Drugiego dnia szkoły okazało się:

  • że panie nauczycielki są dwie;
  • że nic się do szkoły nie przynosi, tylko płaci się 25$ i jest wszystko, książki, zeszyty, farbki, etc.;
  • że od rana jest śniadanie, płacisz ile możesz, np 0,25$ i w stołówce możesz zjeść kanapkę z dzieckiem , z jego kolegami i z nauczycielami;
  • że brak ścian i zamkniętych klas to tzw. open school concept. Jest niewiele ścian, cała przestrzeń szkoły została podzielona regałami z książkami, stojakami, sztalugami i lekkimi przepierzeniami. Jak się uprzeć to słychać wszystkie klasy i wszystkich uczniów naraz.
  • że dzieci wychodzą na każdej przerwie (a jest ich dwie), chyba że leje, tzn. LEJE, ale nawet wtedy kurtki są w odwrocie.

Kolejne dni w szkole pokazały, że Krzyś nie chce mówić po angielsku, tzn. w domu owszem i chętnie, nas się pyta, do siebie mówi, JA WIEM, że potrafi zapytać i odpowiedzieć w prostych słowach. Ale w szkole niechętnie się odzywa.

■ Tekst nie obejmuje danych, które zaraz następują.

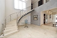 Majestuosa escalera con piso en mármol y madera
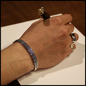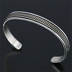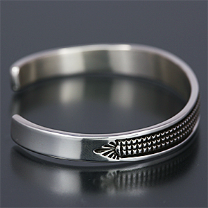 | NAVAJO/ナバホ族のアーティスト Bruce Morgan/ブルース・モーガンに制作を依頼したバングルです。 シンプルながらも深く正確なスタンプワーク、こちらはRIVER MAIL別注デザインになります。 スタイルを選ばない着けやすさはもちろん、インディアンジュエリーが初めての方でも気軽にお楽しみ頂けます。 単体でも他のバングルとの重ね着けにも相性良くお使い頂けます。 | ||
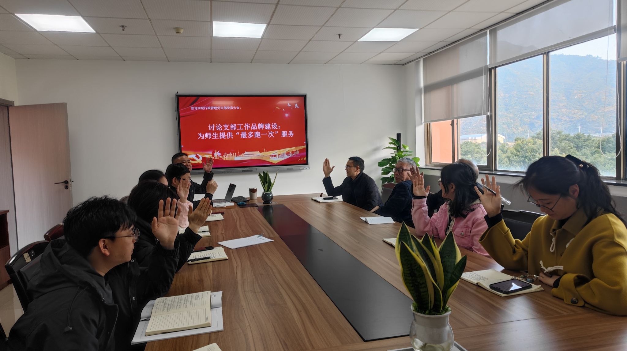 会议开展理论学习。先后学习党中央《关于在全党开展深入贯彻中央八项规定精神学习教育的通知》文件精神,全国高校、全省高校、温州大学、90直播 等上级党组织党的建设工作会议精神,温州大学“重担当、强引领、作表率” 主题活动及党员先锋引领“十要”工作要求等内容。会议坚持理论与实际相结合,加强支部品牌建设。结合支部职能特色,经全体党员商议并表决,支部决定打造“最多跑一次”党建工作品牌。本次会议最后还宣布了温大纪委【2025】1号文件相关内容,希望大家能强化责任意识,积极履职。
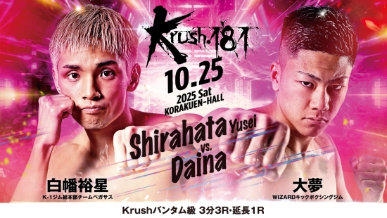 「Krush.181」10.25(土)後楽園 白幡裕星vs大夢 コメント公開! 「今後のバンタム級は白幡裕星だなと思わせます」(白幡)vs「テクニックのある選手にテクニックで上回る所をご覧下さい」(大夢)
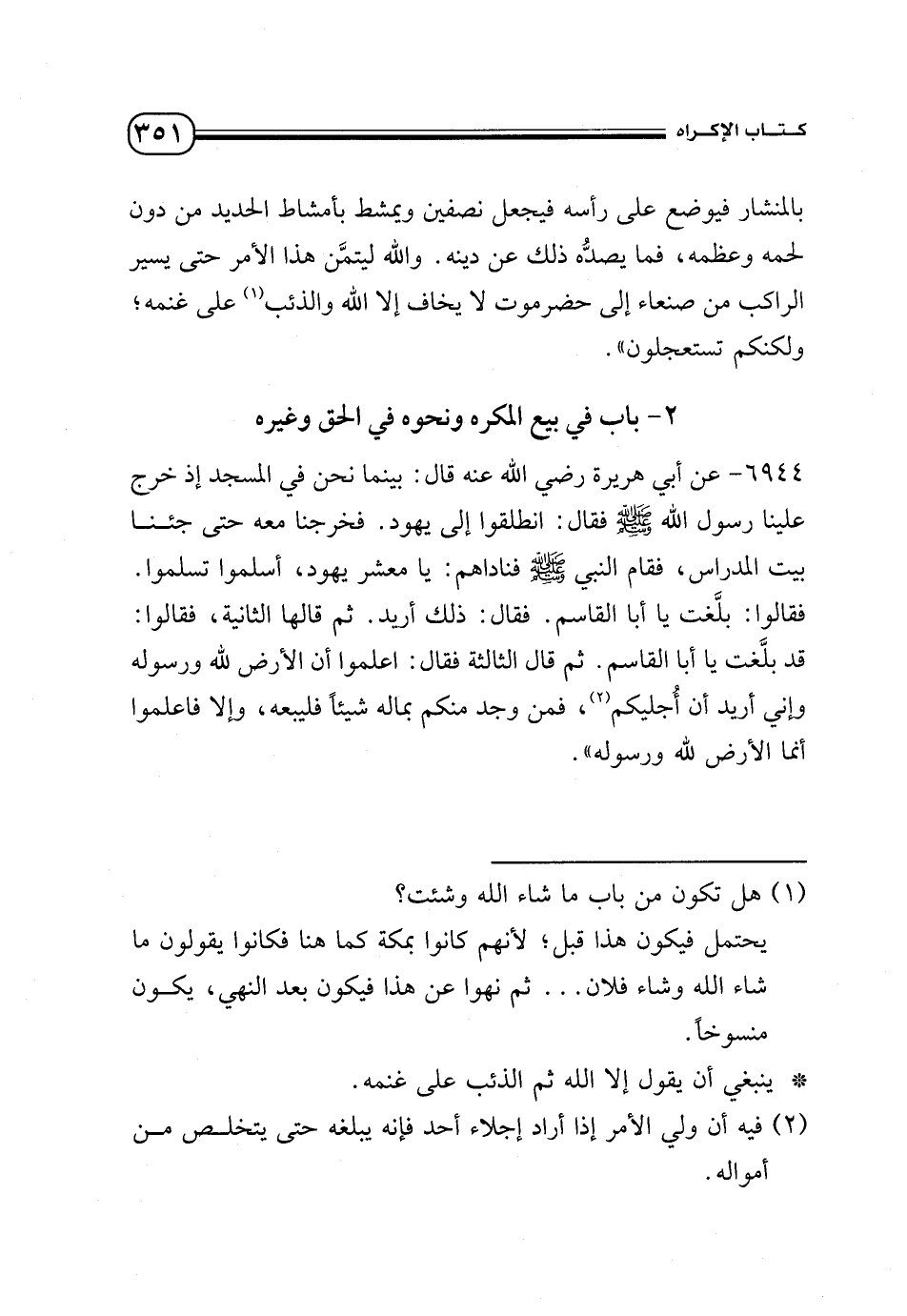 6944 - عن أبي هريرة - رضي الله عنه - قال: بينما نحن في المسجد إذ خرج علينا رسول الله - صلى الله عليه وسلم - فقال: «انطلقوا إلى يهود». فخرجنا معه حتى جئنا ببيت، المدارس، فقام النبي - صلى الله عليه وسلم - فناداهم: «يا معشر يهود، أسلموا تسلموا». فقالوا: بلّغت يا أبا القاسم. فقال: «ذلك أريد». ثم قالها الثانية، فقالوا: قد بلّغت يا أبا القاسم. ثم قال الثالثة فقال: «اعلموا أن الأرض لله ورسوله وأني أريد أن أُجليكم (¬2)، فمن وجد منكم بماله شيئًا فليبعه، وإلا فاعلموا أنما الأرض لله ورسوله».

Mama dziewczynki, siedzącej przy jego stoliku, zapytała się mnie, czy to ja jestem mamą tego chłopca, co tak nic nie mówi i czy mogą jakoś pomóc (miłe to było).

Krzysiek nie mówi, bo nie chce, a nie bo nie rozumie. Tak ja to widzę po trzech tygodniach szkoły.

Stąd wraz z nauczycielką wymyślamy mu zachętę w postaci zbierania wyrazów/zdań angielskich – w zeszycie odnotowuje, ile i co powiedział po angielsku, dostaje naklejki i zbiera punkciki.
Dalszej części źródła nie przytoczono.